Carving Out the Commons

Amanda Huron’s new book grounds the romantic notion of urban commons in the everyday struggles of working people.

Rowhouses along Wallach Place NW, Washington, D.C., as seen from the intersection with 13th Street.Ian Poellet / Wikimedia


By now, you could be forgiven for assuming that “the commons” refers to another cocktail bar or coffee shop in yet another neighborhood people used to be able to afford. In Chicago, the Commons Co-op is a co-working space inside a cocktail lounge inside a Virgin-branded boutique hotel. In Brooklyn, Common is a property management start-up (backed by $65 million in venture capital) that specializes in something called “co-living.” For just $1,400 a month, Common tenants in New York City get a private bedroom and share amenities like a bathroom, kitchen, and free coffee: an Instagrammable SRO. Common calls this “city living made better.”
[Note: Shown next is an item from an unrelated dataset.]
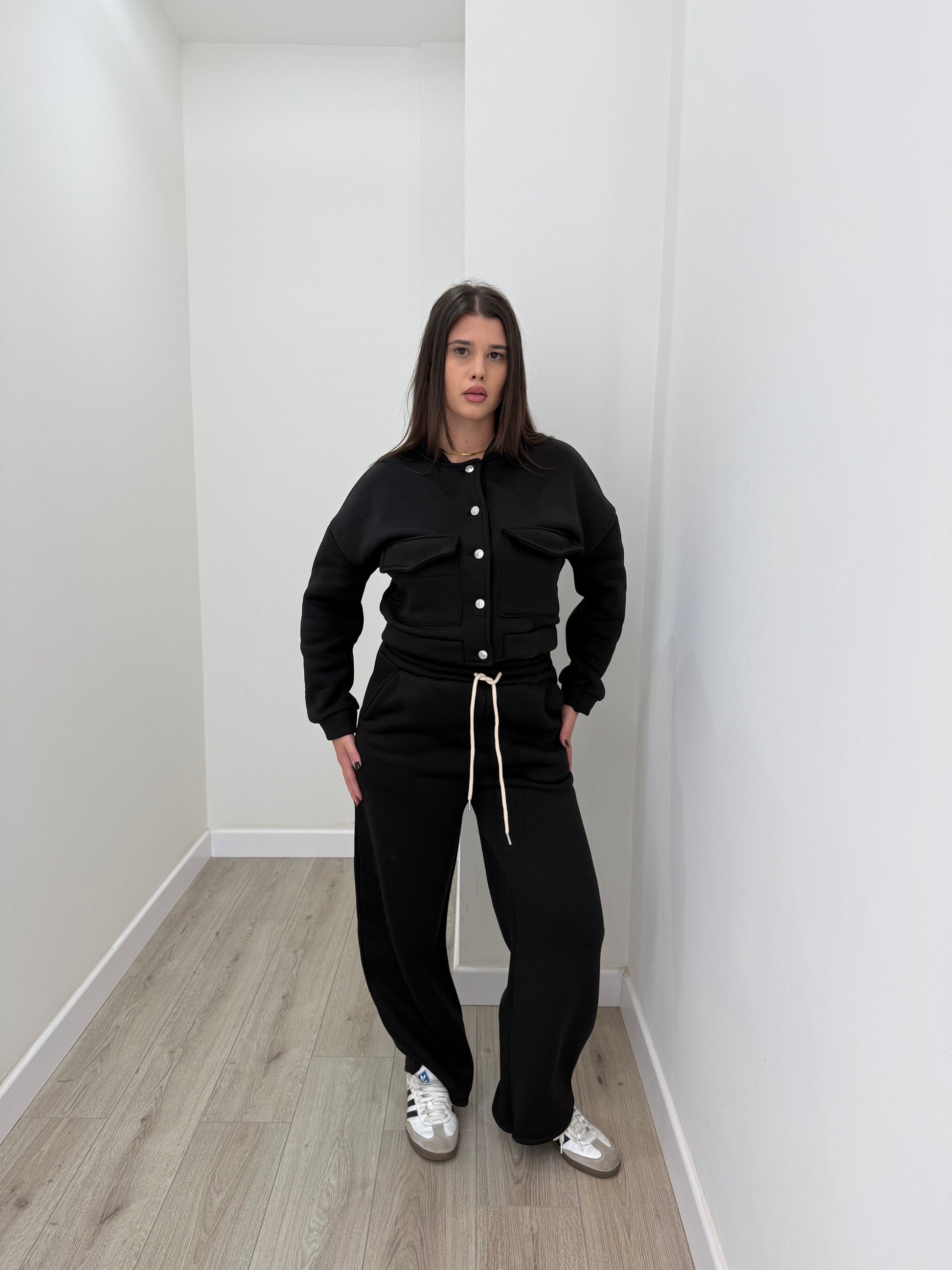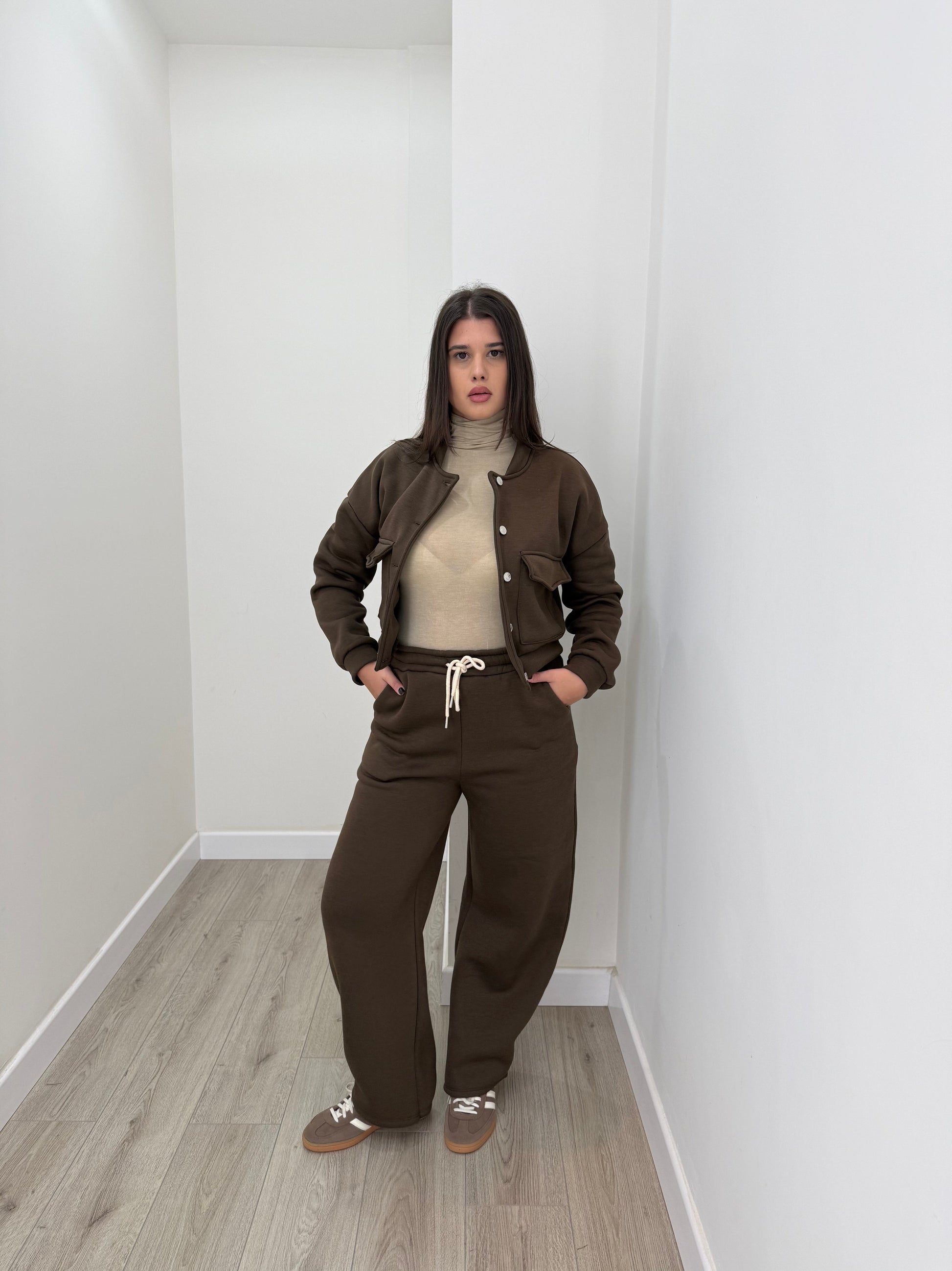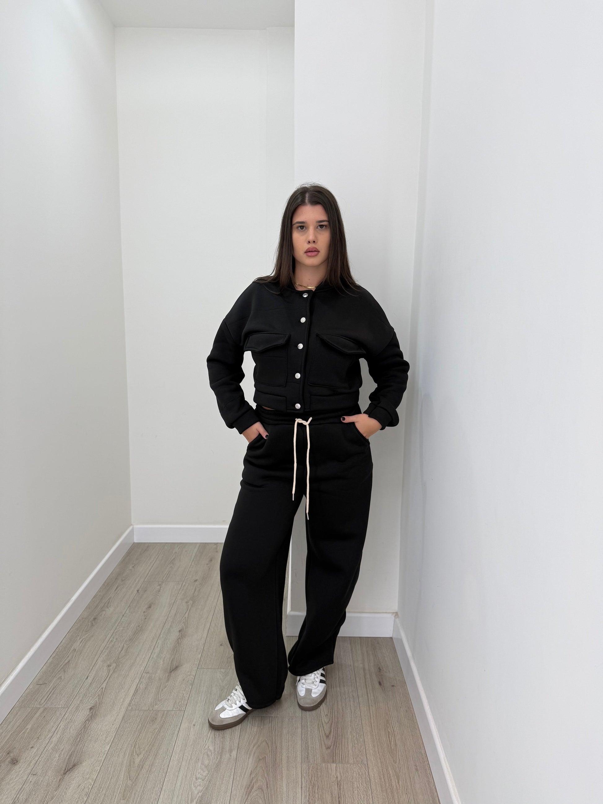 Coordinato tuta felpato sia il pantalone che la giacca. Il pantalone presenta l’elastico e laccio in vita, effetto ballon. Veste fino ad una XL

But it wasn’t long ago that a different kind of urban cohousing proliferated, organized by and for the working class: limited-equity cooperatives (LECs). Amanda Huron’s new book, Carving Out the Commons, focuses on ten LECs formed during the first wave of gentrification in Washington, D.C., and considers their history and future as urban commons.

A geographer and urban planner who teaches social sciences at the University of the District of Columbia, Huron demonstrates how tenants resisted eviction and built their political power to reclaim housing from capitalists. In doing so, she grounds the urban commons in the everyday struggles of working people.